Project Liaison Manager (Project Manager)

A Top 10 Pharmaceutical Company is seeking a Project Liaison Manager (Project Manager) for their Florham Park, New Jersey location!

 

This is a contract opportunity through MedFocus. We offer:

- Medical and Dental Insurance

- 401 (k)

- LTD

- Excellent hourly compensation

- The opportunity to work with clinical research professionals.

 

 

RESPONSIBILITIES:

 

- Liaise between the clinical teams and CPOs to ensure optimal allocation of studies, and adherence to resources and study timelines for complex, high priority projects.

 

- Mentor/coach staff as required. Provide training on operational processes to other clinical team members.

 

- Participate and / or lead multidisciplinary task forces to support continuous improvement and other management initiatives e.g. START training, FAR, CD&MA workshops.

 

- Provide support to Global Head of Operations for specific activities.

 

- Provide input to clinical development plans regarding timelines and study feasibility.

 

- Responsible for allocation of Phase I oncology to IVA studies for all CRD and BU projects.

 

- Determine external clinical trial costs and internal ICRO monitoring resources for assigned projects. Negotiate trial costs with the CPOs. Monitor ICRO resource requirements.

 

- Ensure planned recruitment targets are achieved.
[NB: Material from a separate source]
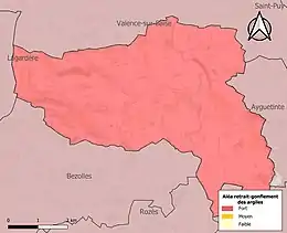 Le retrait-gonflement des sols argileux est susceptible d'engendrer des dommages importants aux bâtiments en cas d’alternance de périodes de sécheresse et de pluie. La totalité de la commune est en aléa moyen ou fort (94,5 % au niveau départemental et 48,5 % au niveau national). Sur les 182 bâtiments dénombrés sur la commune en 2019, 182 sont en aléa moyen ou fort, soit 100 %, à comparer aux 93 % au niveau départemental et 54 % au niveau national. Une cartographie de l'exposition du territoire national au retrait gonflement des sols argileux est disponible sur le site du BRGM[21],[Carte 3].

Develop, implement and track trial recruitment strategies for assigned studies, present at Investigator meetings as required.

 

- Act as CO PLM representative for ICT, CTT and TA/BU Operations Meeting, providing input on trial practicality and placement, planned number of sites, enrollment periods, timelines, etc.

 

- Work with TA/BU to define resource requirements for projects/protocols.

 

- Provide feedback to the TA/BU clinical team on the impact of changes to project status, timelines and ICRO resourcing.

 

- Track progress of clinical projects of assigned TA/BU and responsible for updating the CO and CD & MA planning and tracking systems.

 

- Provide clinical operations expertise to support other line functions.

 

- Provide support to CTL when representing clinical team at internal management meetings/boards.

 

- Collaborate closely with the clinical team to develop and maintain the Monitoring Plan.

 

- Responsible for the forecast of clinical trials ( up to 200 Mio CHF for mega trial ).

 

REQUIREMENTS:

 

- At least 3-4 years experience as PLM or similar function.

 

- At least 7 years experience in clinical development/project management.

 

- Familiar with planning, tracking and resource management tools.

 

- Demonstrated matrix management skills.

 

- Computer literacy.

 

- Education: Life Science/Nursing degree or equivalent.